The `recover_windows_instance.sh` supports the following parameters:

1. Required `instance`: The name of the Windows instance that has the boot disk that needs to be modified.
2. Required `zone`: The zone to use for compute resources
3. Required `project`: The name of the project the Compute resources exist in.
4. Required `script`: The PowerShell script that will be run in the rescue instance to modify the contents the specified instances boot disk.
5. Optional `label`: If the instance has this label the script will abort. On completion of the modification this label will be added to the instance.

example: ./recover_windows_instance.sh instance1 us-central1-c my-gcp-project remediationscript.ps1
example: ./recover_windows_instance.sh instance1 us-central1-c my-gcp-project remediationscript.ps1 remediationprojectlabel

### recover_windows_instance.sh does the following:

1. Validates the required input parameters of the script are present.
2. Verifies the instance exists.
- Exits if the instance is not present.
3. Checks that the instance does not have the optionally specified label.
- Exits if the instance has the specified label.
4. Obtain the boot disk for the instance.
5. Stop the instance if it not already TERMINATED.
6. Detaches the boot disk from the instance.
7. Creates a rescue Windows instance, mounting the originial boot disks as a data disk (D:), and specifying the provided script as the startup script (windows-startup-script-ps1).
8. Waiting for 300 second to boot, run the rescue script, and shutdown.
9. Verify the rescue Windows instance is stopped.
10. Detaches the data disk from the rescue Windows instance".
11. Re-attach the boot disk to original instance
12. Deletes the rescue Windows instance
13. If a label has been specified, set that label on the instance.

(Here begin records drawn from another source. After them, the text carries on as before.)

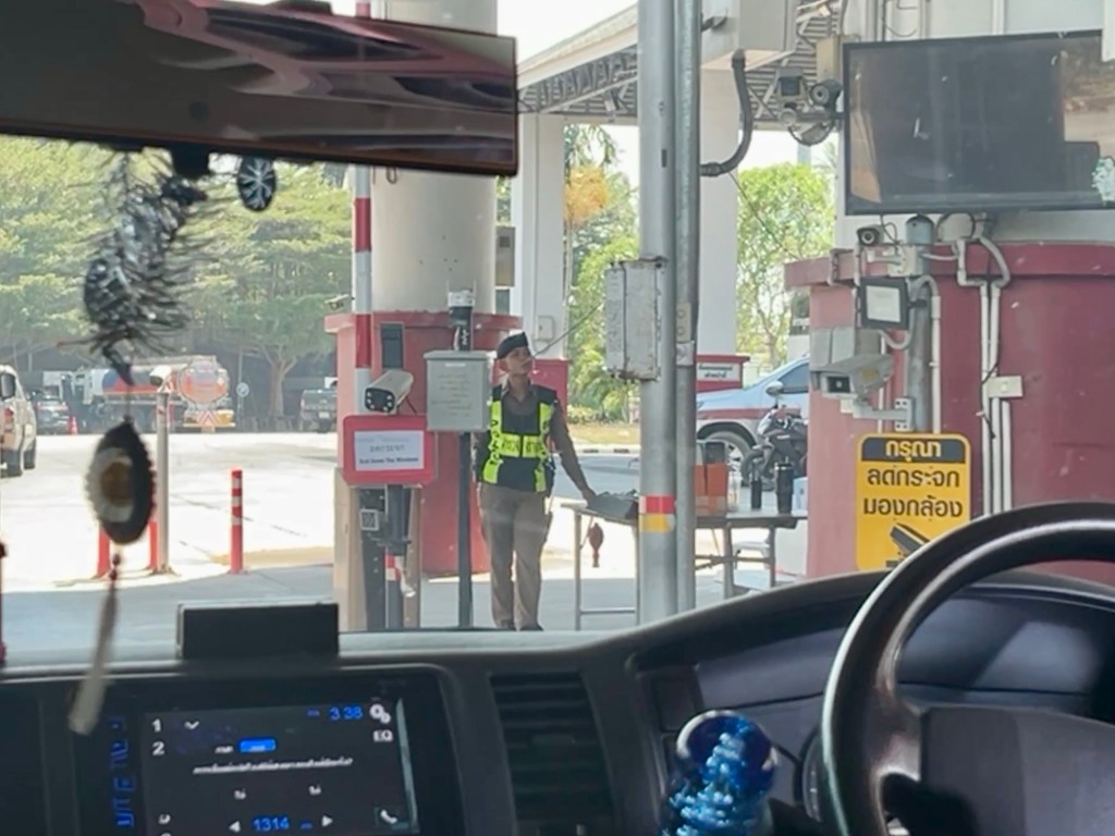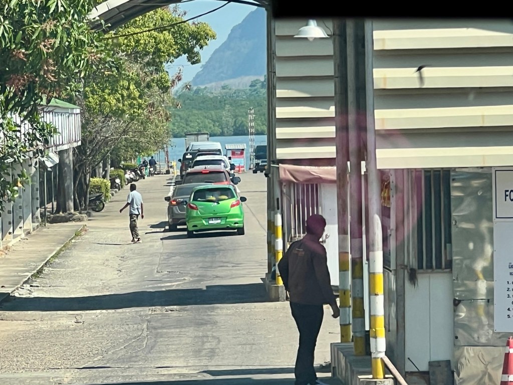 We eventually arrive at the security check point before entering greater Phuket. There was no check, but drivers are required to have their drivers window down. I guess there are cameras taking pictures and matching up images with a computer.
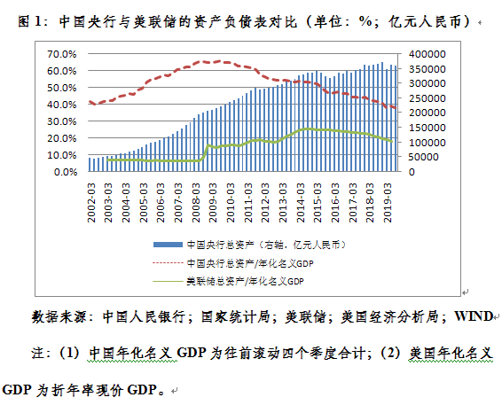 从相对规模变动看,中国央行的“缩表”进度远快于美联储。截至2019年6月末,美联储资产负债表规模相当于年化名义GDP的18.2%,较2014年12月末的历史高点回落了7.3个百分点,远高于2008年9月底全球金融海啸爆发前长期为6.7%左右的水平(见图1)。
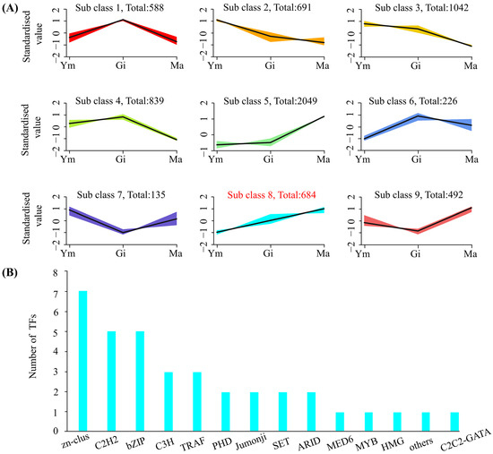 (A) K-means clustering of co-expressed genes and their expression patterns. (B) Transcriptome factors (TFs) involved in cluster 8.

## Windows GVNIC Driver Recovery

`reinstall-gvnic-gq.ps1` does the following:

1. Downloads the known good version of the gVNIC Windows driver from gs://gce-windows-drivers-public/release/gvnic-gq
2. Removes all versions of the gVNIC Windows driver from the Windows installed on the D:\ drive.
3. Installs the known good gVNIC 1.0.x version of the driver to the Windows installed on the D:\ drive.
4. Shuts downs the rescue instance.

`reinstall-gvnic-gq.ps1` can be used as the `recover_windows_instance.sh` remediation script.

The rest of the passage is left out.